If the water head above the bucket is say 3 ft (1.3PSI), and the bucket lid is 12in diameter(113in^2) (I think that's about right) you are looking at ~ 150 lbs of force separating the lid from the bucket. Maybe you could make a wood top and bottom, sandwich them around the bucket and use 3 threaded rods to clamp it closed? probably some thing like an old pressure cooker or paint sprayer could be modified more safely.


----------



## mistergreen (Dec 9, 2006)

The gama seal lid works at first but will eventually leak due to the pressure.


----------



## DanCottle (Apr 12, 2011)

I have seen beer brewing kits with 5 gallon buckets and im sure they would handle the pressure.


----------



## DanCottle (Apr 12, 2011)

asmith said:


> If the water head above the bucket is say 3 ft (1.3PSI), and the bucket lid is 12in diameter(113in^2) (I think that's about right) you are looking at ~ 150 lbs of force separating the lid from the bucket. Maybe you could make a wood top and bottom, sandwich them around the bucket and use 3 threaded rods to clamp it closed? probably some thing like an old pressure cooker or paint sprayer could be modified more safely.

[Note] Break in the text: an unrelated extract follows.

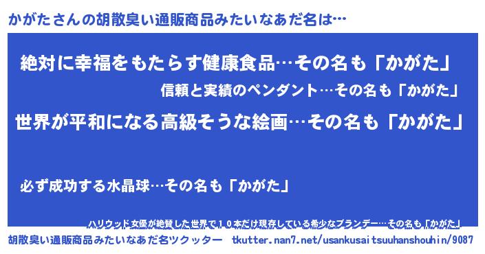 | ヘコむあだ名 | 『なまこ酢』『かがた(震え声)』 |

This math surely could not be right.


----------



## Hoppy (Dec 24, 2005)

DanCottle said:


> This math surely could not be right.


But it is. Force equals pressure times the area the pressure acts on. 30 feet of water equals about 15 psi, so 3 feet would equal about 1.5 psi.

Putting a submersible pump inside the 5 gallon bucket accomplishes nothing, as far as that force is concerned. The pump produces only the pressure needed to raise the water a couple of inches over the top of the tank. The 3 foot head supplies the pressure to raise the water up to the level of the water in the tank. In other words, with that pump not operating the water level in the inlet and outlet hoses will both be at the tank water level, unless the siphon is maintained, then the level will be at the top of the two hoses where they go over the rim of the tank. In that case the pump moves water but generates only the pressure needed to overcome friction losses in the plumbing.


----------



## Wasserpest (Jun 12, 2003)

DanCottle said:


> I have seen beer brewing kits with 5 gallon buckets and im sure they would handle the pressure.

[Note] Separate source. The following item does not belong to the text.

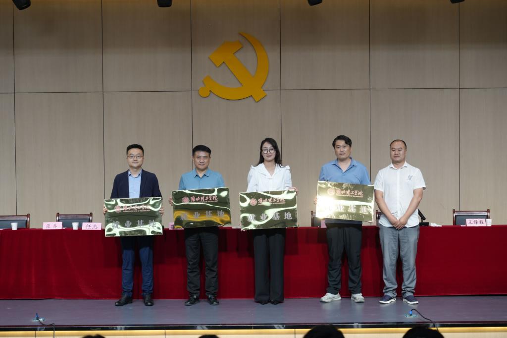 活动最后,副校长郑来纪与四位企业家进行“校企合作基地”授牌仪式,并合影留念。

Have you also seen that little airlock sticking out on top of them buckets? There is no pressure involved when brewing beer.


----------



## slavecorps (Jul 7, 2009)

I like the pvc option, but it's a bit more than I'd want to spend, maybe I am better off hiding a sump by making it out of a large garbage can. They don't allow more than one aquarium (a sump counts as an aquarium to campus housing), so I need to disguise it or have a sealed container if I am going to do this. I think a garbage can sump is probably cheapest and easiest to disguise.

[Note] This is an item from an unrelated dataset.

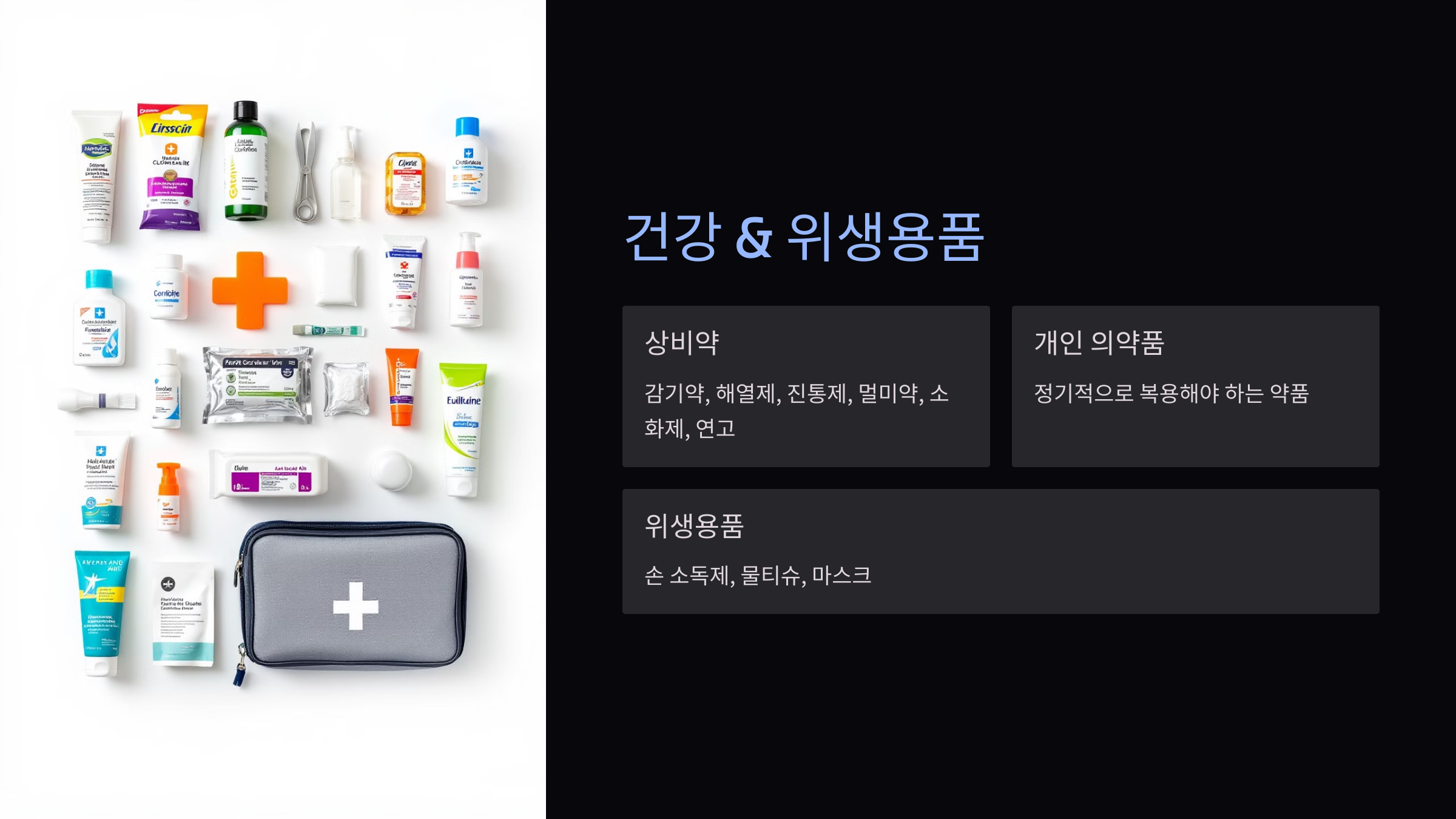 - 상비약: 감기약, 해열제, 진통제, 멀미약, 소화제, 연고

On the other hand, I am not certain I could design a safe overflow system for a 12" cube. I have only done a sump on a 50 gallon where I had space for a standpipe. and the cost for me to build it would probably come close to building a sealed PVC drum out of 4 or 6" pipe.

Hmmm.... Decisions....


----------



## GraphicGr8s (Apr 4, 2011)

DanCottle said:


> This math surely could not be right.


I have to agree with you. If the down tube is 1" over three feet how could that exert 150 pounds of pressure? I know for a fact the paint buckets can hold the pressure because it's not that much.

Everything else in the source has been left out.